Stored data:
::::::::::

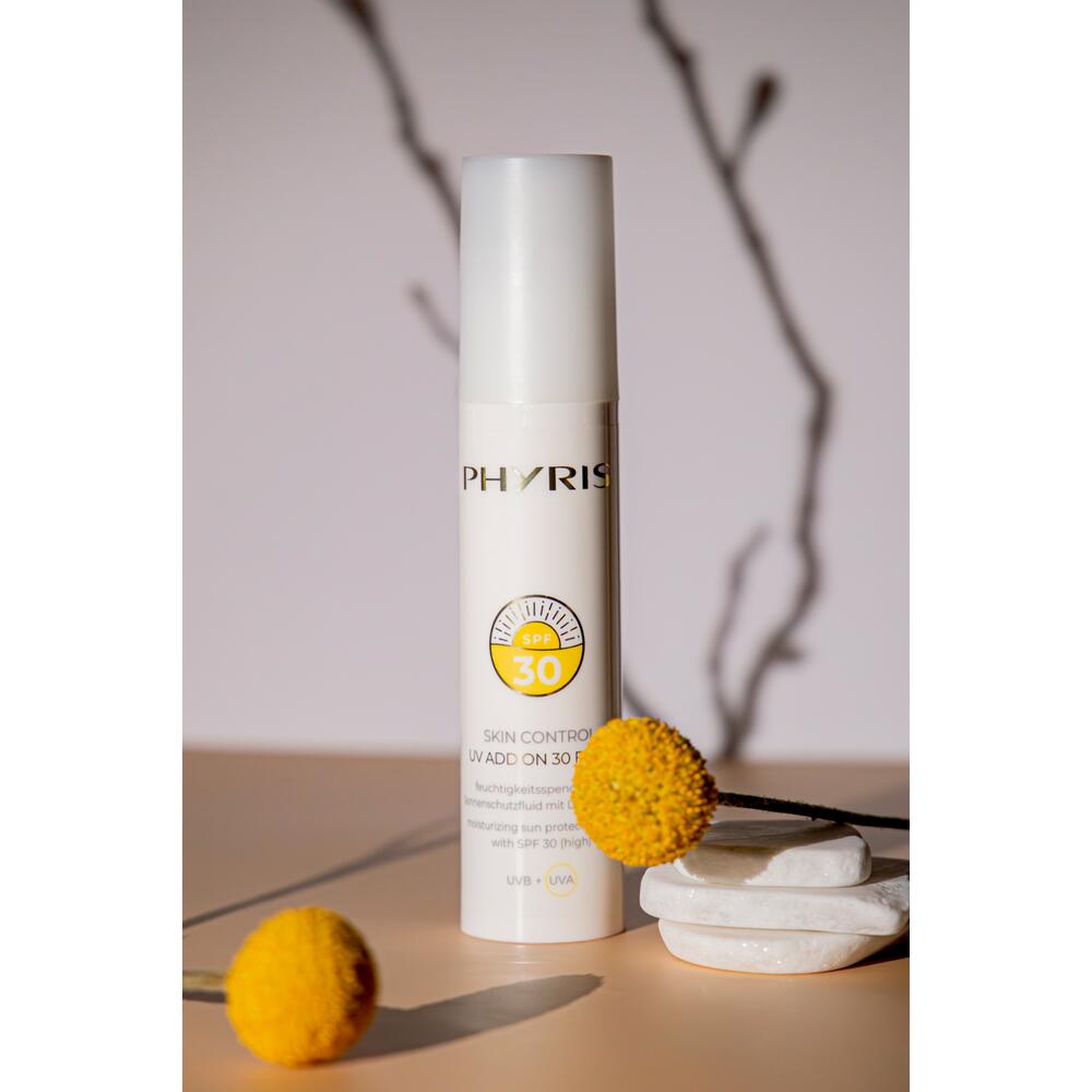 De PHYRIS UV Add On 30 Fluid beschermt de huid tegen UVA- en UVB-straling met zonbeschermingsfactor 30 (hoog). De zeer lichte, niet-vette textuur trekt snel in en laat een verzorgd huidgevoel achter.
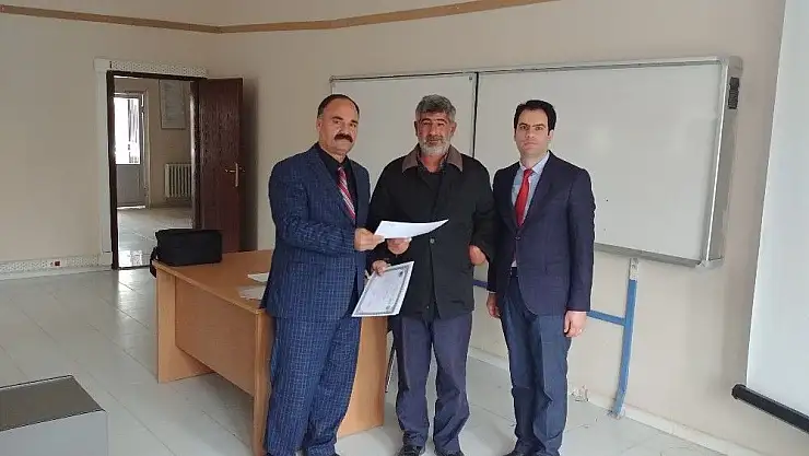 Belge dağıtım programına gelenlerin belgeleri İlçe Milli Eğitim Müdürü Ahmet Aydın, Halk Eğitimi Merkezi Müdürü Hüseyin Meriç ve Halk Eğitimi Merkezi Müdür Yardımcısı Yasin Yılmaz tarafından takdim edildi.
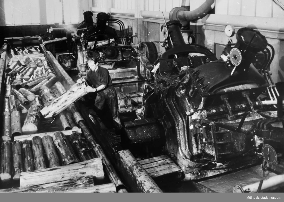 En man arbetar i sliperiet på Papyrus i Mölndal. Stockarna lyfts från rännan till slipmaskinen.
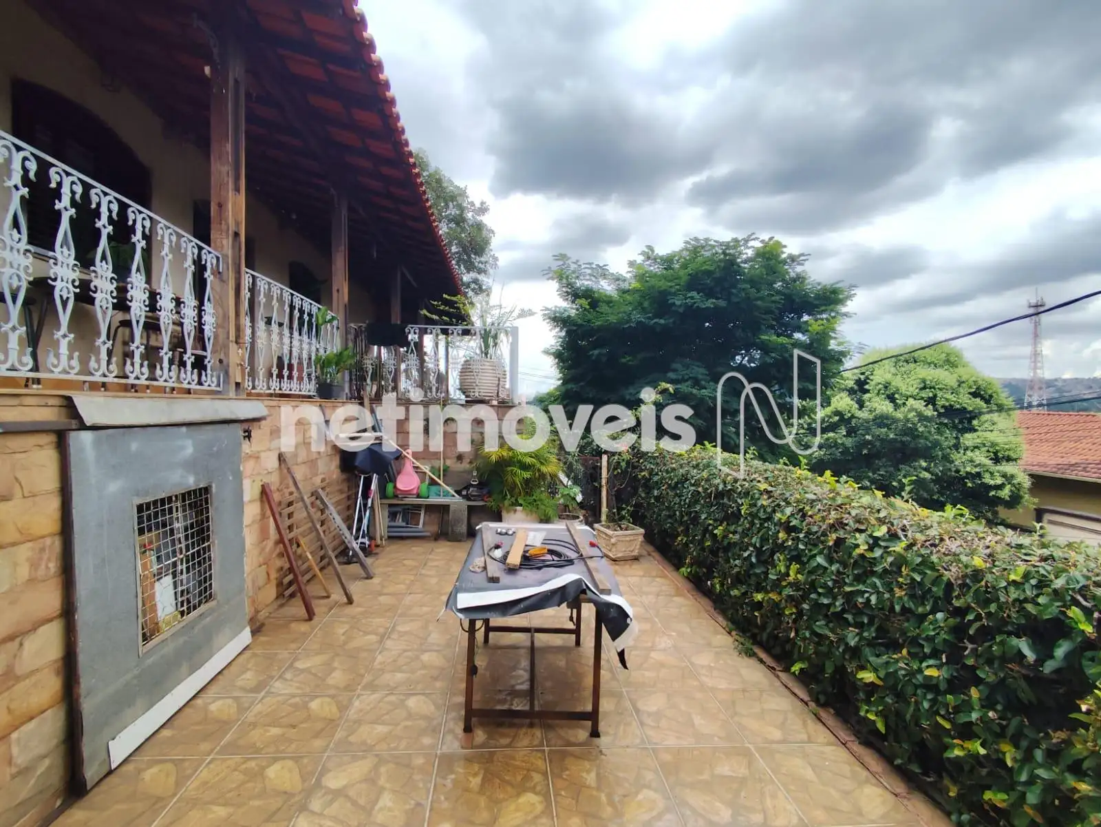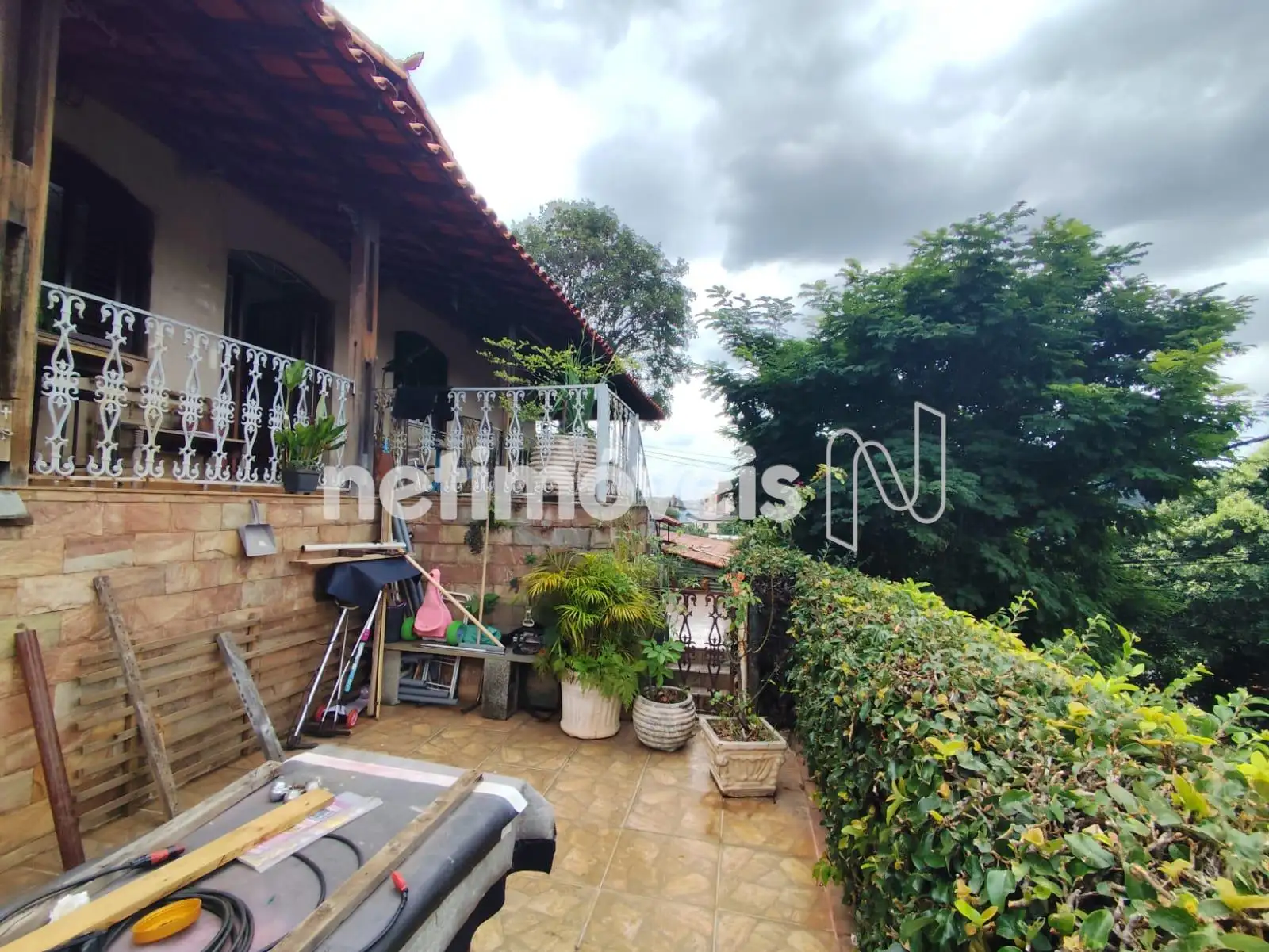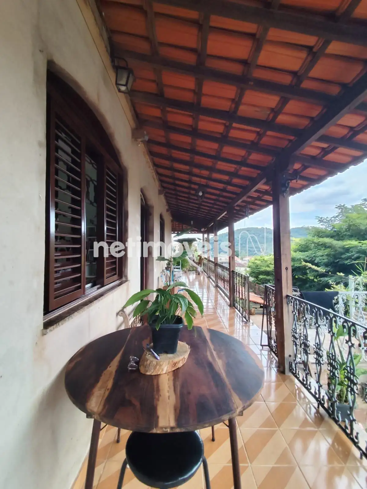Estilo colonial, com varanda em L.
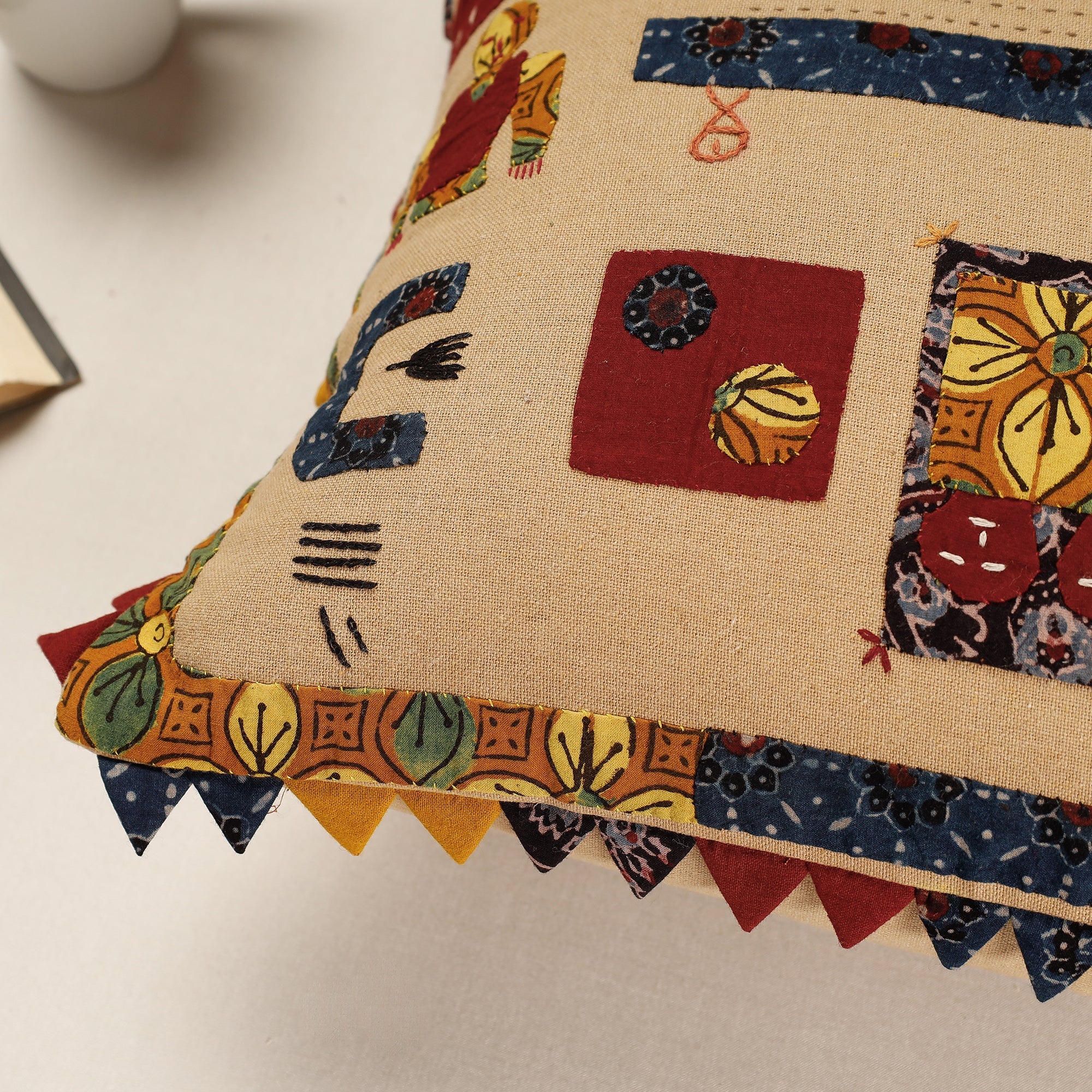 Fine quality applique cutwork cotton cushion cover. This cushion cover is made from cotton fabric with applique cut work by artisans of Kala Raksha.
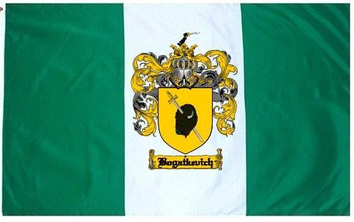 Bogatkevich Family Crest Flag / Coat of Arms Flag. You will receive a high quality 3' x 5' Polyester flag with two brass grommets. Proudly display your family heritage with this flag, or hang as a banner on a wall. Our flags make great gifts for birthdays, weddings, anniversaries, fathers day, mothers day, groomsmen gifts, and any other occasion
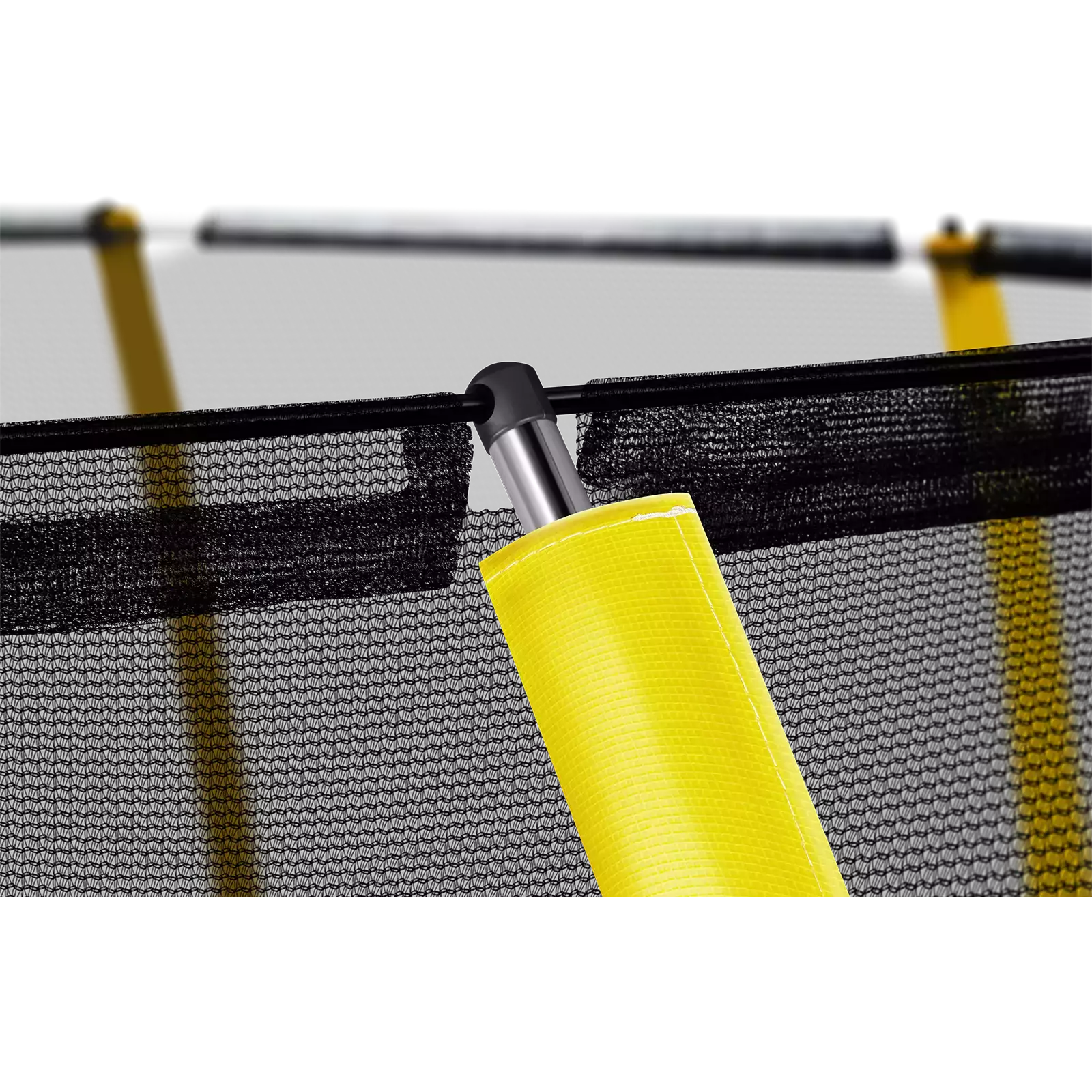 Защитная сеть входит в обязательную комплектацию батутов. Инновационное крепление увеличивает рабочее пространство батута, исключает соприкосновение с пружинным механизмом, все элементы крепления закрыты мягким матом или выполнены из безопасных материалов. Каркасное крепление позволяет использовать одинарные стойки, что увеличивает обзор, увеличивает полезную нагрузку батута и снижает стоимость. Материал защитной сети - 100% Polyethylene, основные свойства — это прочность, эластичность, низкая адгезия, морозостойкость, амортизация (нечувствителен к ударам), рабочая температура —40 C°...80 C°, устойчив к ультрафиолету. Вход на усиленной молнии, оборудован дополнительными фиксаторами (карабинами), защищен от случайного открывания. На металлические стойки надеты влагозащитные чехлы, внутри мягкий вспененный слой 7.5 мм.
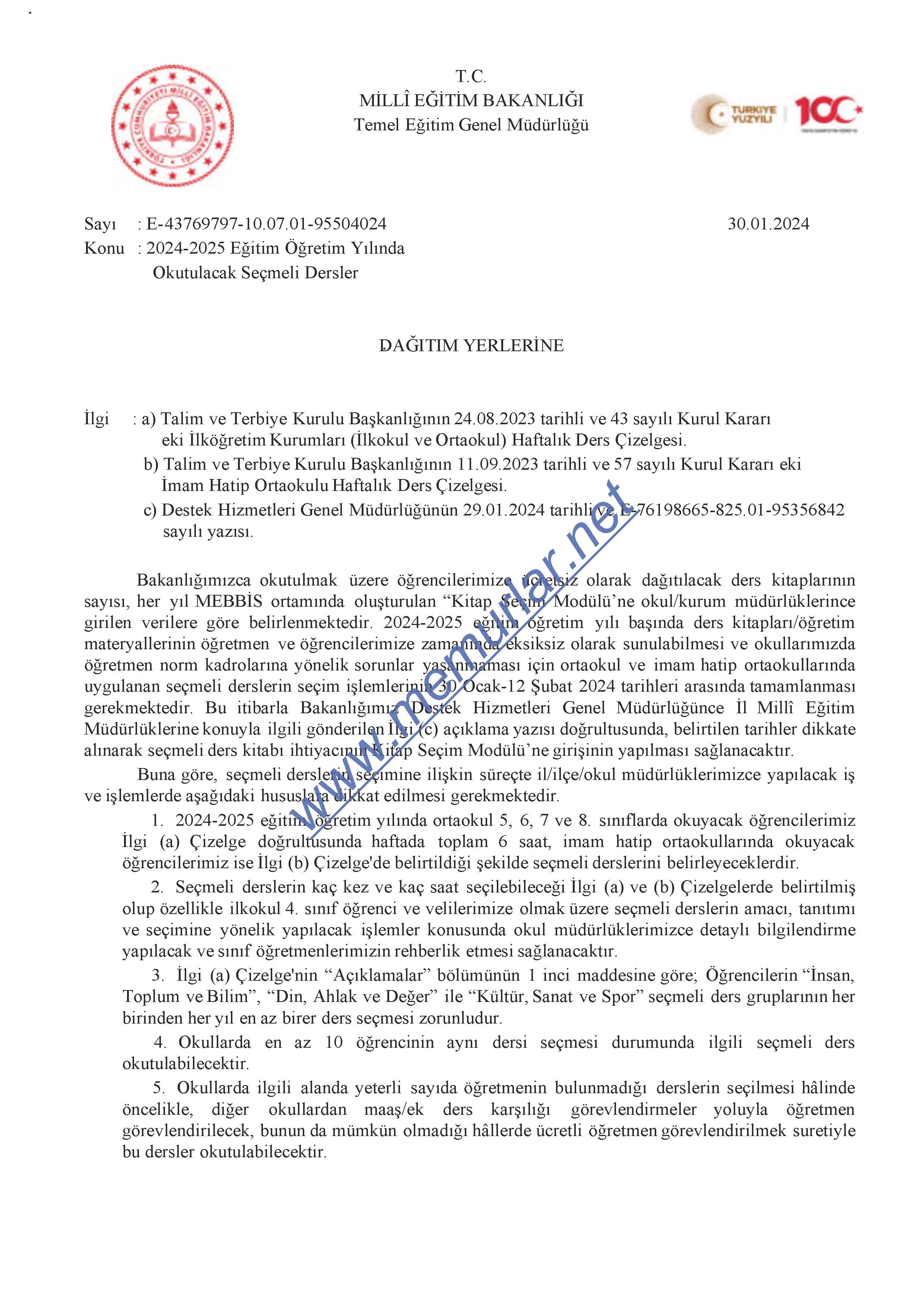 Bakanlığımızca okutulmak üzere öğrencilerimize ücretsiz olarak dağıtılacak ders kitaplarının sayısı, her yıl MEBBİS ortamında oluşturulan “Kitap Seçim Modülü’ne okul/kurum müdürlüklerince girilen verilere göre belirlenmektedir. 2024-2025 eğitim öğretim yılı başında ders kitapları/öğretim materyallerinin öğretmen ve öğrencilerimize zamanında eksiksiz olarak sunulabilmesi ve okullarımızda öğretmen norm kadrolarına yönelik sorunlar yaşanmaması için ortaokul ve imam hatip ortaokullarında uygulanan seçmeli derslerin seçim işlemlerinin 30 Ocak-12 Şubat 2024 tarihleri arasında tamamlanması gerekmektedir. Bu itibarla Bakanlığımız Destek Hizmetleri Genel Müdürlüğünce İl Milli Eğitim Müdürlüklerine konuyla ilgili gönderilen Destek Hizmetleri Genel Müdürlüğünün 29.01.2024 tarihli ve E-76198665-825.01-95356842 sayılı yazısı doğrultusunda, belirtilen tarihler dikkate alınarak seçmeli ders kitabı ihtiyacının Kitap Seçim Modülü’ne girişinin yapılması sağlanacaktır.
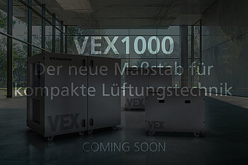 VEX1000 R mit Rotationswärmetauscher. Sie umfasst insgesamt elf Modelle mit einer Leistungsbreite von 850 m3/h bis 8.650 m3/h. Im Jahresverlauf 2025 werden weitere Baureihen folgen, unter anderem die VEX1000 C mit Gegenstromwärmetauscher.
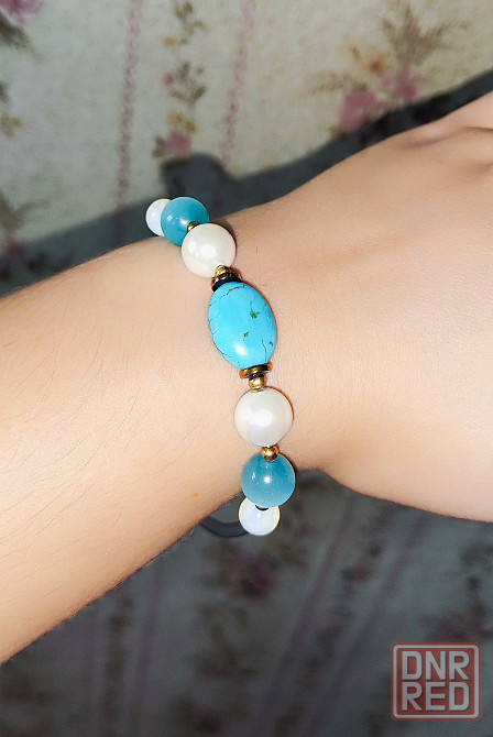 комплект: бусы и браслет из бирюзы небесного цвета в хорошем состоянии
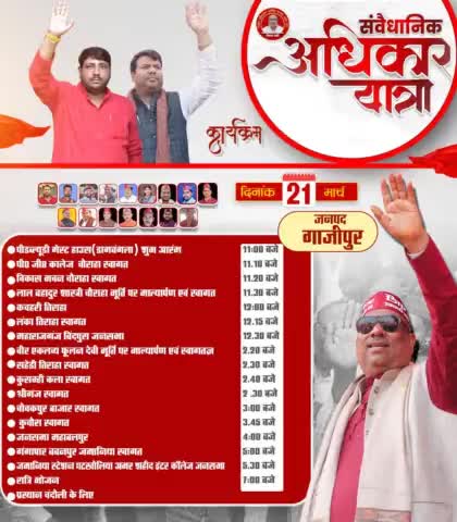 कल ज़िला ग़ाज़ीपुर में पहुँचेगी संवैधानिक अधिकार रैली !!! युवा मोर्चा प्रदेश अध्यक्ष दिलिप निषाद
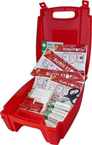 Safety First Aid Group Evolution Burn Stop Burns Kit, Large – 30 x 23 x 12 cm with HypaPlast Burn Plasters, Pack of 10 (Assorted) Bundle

::::::::::

The answer is the records above, repeated exactly, with no picture in it.

[Exercise output]
 De PHYRIS UV Add On 30 Fluid beschermt de huid tegen UVA- en UVB-straling met zonbeschermingsfactor 30 (hoog). De zeer lichte, niet-vette textuur trekt snel in en laat een verzorgd huidgevoel achter.
 Belge dağıtım programına gelenlerin belgeleri İlçe Milli Eğitim Müdürü Ahmet Aydın, Halk Eğitimi Merkezi Müdürü Hüseyin Meriç ve Halk Eğitimi Merkezi Müdür Yardımcısı Yasin Yılmaz tarafından takdim edildi.
 En man arbetar i sliperiet på Papyrus i Mölndal. Stockarna lyfts från rännan till slipmaskinen.
Estilo colonial, com varanda em L.
 Fine quality applique cutwork cotton cushion cover. This cushion cover is made from cotton fabric with applique cut work by artisans of Kala Raksha.
 Bogatkevich Family Crest Flag / Coat of Arms Flag. You will receive a high quality 3' x 5' Polyester flag with two brass grommets. Proudly display your family heritage with this flag, or hang as a banner on a wall. Our flags make great gifts for birthdays, weddings, anniversaries, fathers day, mothers day, groomsmen gifts, and any other occasion
 Защитная сеть входит в обязательную комплектацию батутов. Инновационное крепление увеличивает рабочее пространство батута, исключает соприкосновение с пружинным механизмом, все элементы крепления закрыты мягким матом или выполнены из безопасных материалов. Каркасное крепление позволяет использовать одинарные стойки, что увеличивает обзор, увеличивает полезную нагрузку батута и снижает стоимость. Материал защитной сети - 100% Polyethylene, основные свойства — это прочность, эластичность, низкая адгезия, морозостойкость, амортизация (нечувствителен к ударам), рабочая температура —40 C°...80 C°, устойчив к ультрафиолету. Вход на усиленной молнии, оборудован дополнительными фиксаторами (карабинами), защищен от случайного открывания. На металлические стойки надеты влагозащитные чехлы, внутри мягкий вспененный слой 7.5 мм.
 Bakanlığımızca okutulmak üzere öğrencilerimize ücretsiz olarak dağıtılacak ders kitaplarının sayısı, her yıl MEBBİS ortamında oluşturulan “Kitap Seçim Modülü’ne okul/kurum müdürlüklerince girilen verilere göre belirlenmektedir. 2024-2025 eğitim öğretim yılı başında ders kitapları/öğretim materyallerinin öğretmen ve öğrencilerimize zamanında eksiksiz olarak sunulabilmesi ve okullarımızda öğretmen norm kadrolarına yönelik sorunlar yaşanmaması için ortaokul ve imam hatip ortaokullarında uygulanan seçmeli derslerin seçim işlemlerinin 30 Ocak-12 Şubat 2024 tarihleri arasında tamamlanması gerekmektedir. Bu itibarla Bakanlığımız Destek Hizmetleri Genel Müdürlüğünce İl Milli Eğitim Müdürlüklerine konuyla ilgili gönderilen Destek Hizmetleri Genel Müdürlüğünün 29.01.2024 tarihli ve E-76198665-825.01-95356842 sayılı yazısı doğrultusunda, belirtilen tarihler dikkate alınarak seçmeli ders kitabı ihtiyacının Kitap Seçim Modülü’ne girişinin yapılması sağlanacaktır.
 VEX1000 R mit Rotationswärmetauscher. Sie umfasst insgesamt elf Modelle mit einer Leistungsbreite von 850 m3/h bis 8.650 m3/h. Im Jahresverlauf 2025 werden weitere Baureihen folgen, unter anderem die VEX1000 C mit Gegenstromwärmetauscher.
 комплект: бусы и браслет из бирюзы небесного цвета в хорошем состоянии
 कल ज़िला ग़ाज़ीपुर में पहुँचेगी संवैधानिक अधिकार रैली !!! युवा मोर्चा प्रदेश अध्यक्ष दिलिप निषाद
 Safety First Aid Group Evolution Burn Stop Burns Kit, Large – 30 x 23 x 12 cm with HypaPlast Burn Plasters, Pack of 10 (Assorted) Bundle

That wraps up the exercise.